The Prospectus Supplement pertains to an underwritten offering by the Company with respect to the issuance and sale of an aggregate of 16,317,567 shares (including up to 2,128,378 shares subject to the underwriter’s over-allotment option) of the Company’s common stock, $0.001 par value per share (the “Common Stock”).


The shares of Common Stock are to be sold pursuant to an Underwriting Agreement, dated as of November 19, 2020, by and between the Company and A.G.P./Alliance Global Partners (the “Underwriter”), which has been filed as an exhibit to the Company’s Current Report on Form 8-K filed on November 24, 2020 (the “Underwriting Agreement”).


In connection with this opinion, we have examined and relied upon the Registration Statement and the Prospectus, the Company’s Amended and Restated Articles of Incorporation, as amended to date, the Company’s Bylaws, as amended to date, the Underwriting Agreement and such instruments, documents, certificates and records that we have deemed relevant and necessary for the basis of our opinion hereinafter expressed. In such examination, we have assumed: (i) the authenticity of original documents and the genuineness of all signatures; (ii) the conformity to the originals of all documents submitted to us as copies; (iii) the truth, accuracy and completeness of the information, representations and warranties contained in the records, documents, instruments and certificates we have reviewed; and (iv) the due execution and delivery of all documents where due execution and delivery are a prerequisite to the effectiveness thereof. This opinion is being rendered in connection with the filing of the Prospectus with the Commission.


Based upon the foregoing, we are of the opinion that the Common Stock, when issued and sold in accordance with the Underwriting Agreement, the Registration Statement and the Prospectus, will be duly authorized, validly issued, fully paid and non-assessable.


We are admitted to practice in the State of Florida. This opinion letter is limited to the laws of the State of Florida, as such laws presently exist and to the facts as they presently exist. We assume no obligation to revise or supplement this opinion letter should the laws of such jurisdictions be changed after the date hereof by legislative action, judicial decision or otherwise. Without limiting the generality of the foregoing, we express no opinion with respect to (i) state securities or “Blue Sky” laws or (ii) state or federal antifraud laws.

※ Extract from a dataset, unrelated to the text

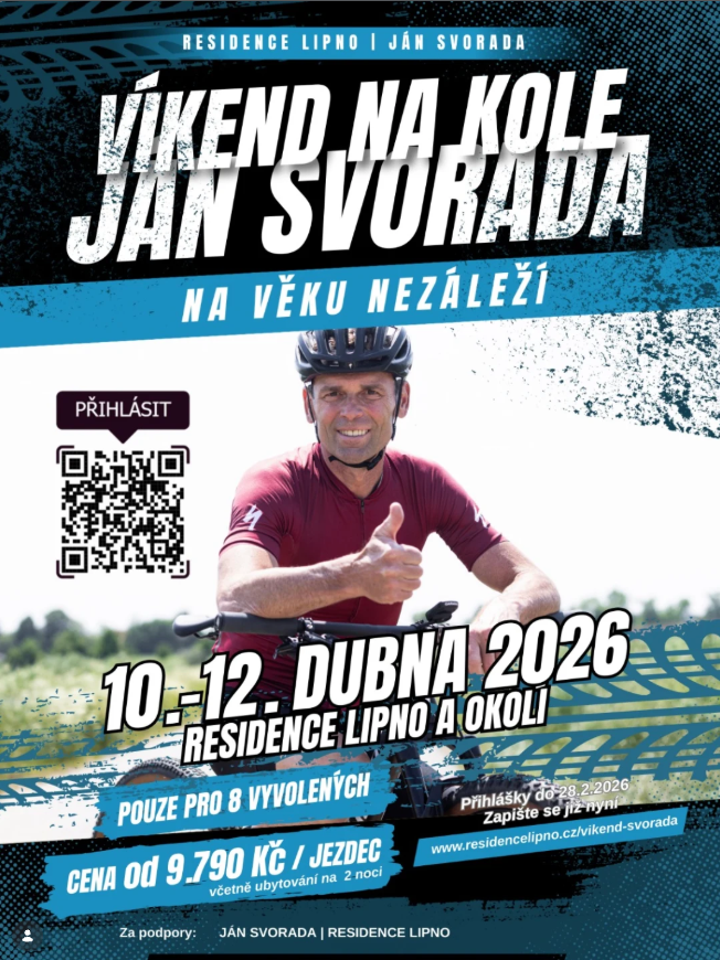 Legendární víkend na Lipně: Staňte se jedním z 8 vyvolených Chcete zažít cyklistiku v její nejčistší podobě a po boku skutečné legendy? Máme pro vás pozvánku, která se neodmítá. V termínu 10. – 12. dubna 2026 otevírá Residence Lipno své brány pro skupinu pouhých osmi jezdců, kteří prožijí nezapomenutelný víkend v doprovodu Jána Svorady.

We hereby consent to the inclusion of this opinion as Exhibit 5.1 to the Company’s Current Report on Form 8-K dated November 24, 2020 and the Registration Statement in accordance with the requirements of Item 601(b)(5) of Regulation S-K promulgated under the Securities Act and to the references to our firm therein and in the Prospectus and the Prospectus Supplement under the caption “Legal Matters.” In giving this consent, we do not thereby admit that we are an “expert” within the meaning of the Securities Act of 1933, as amended.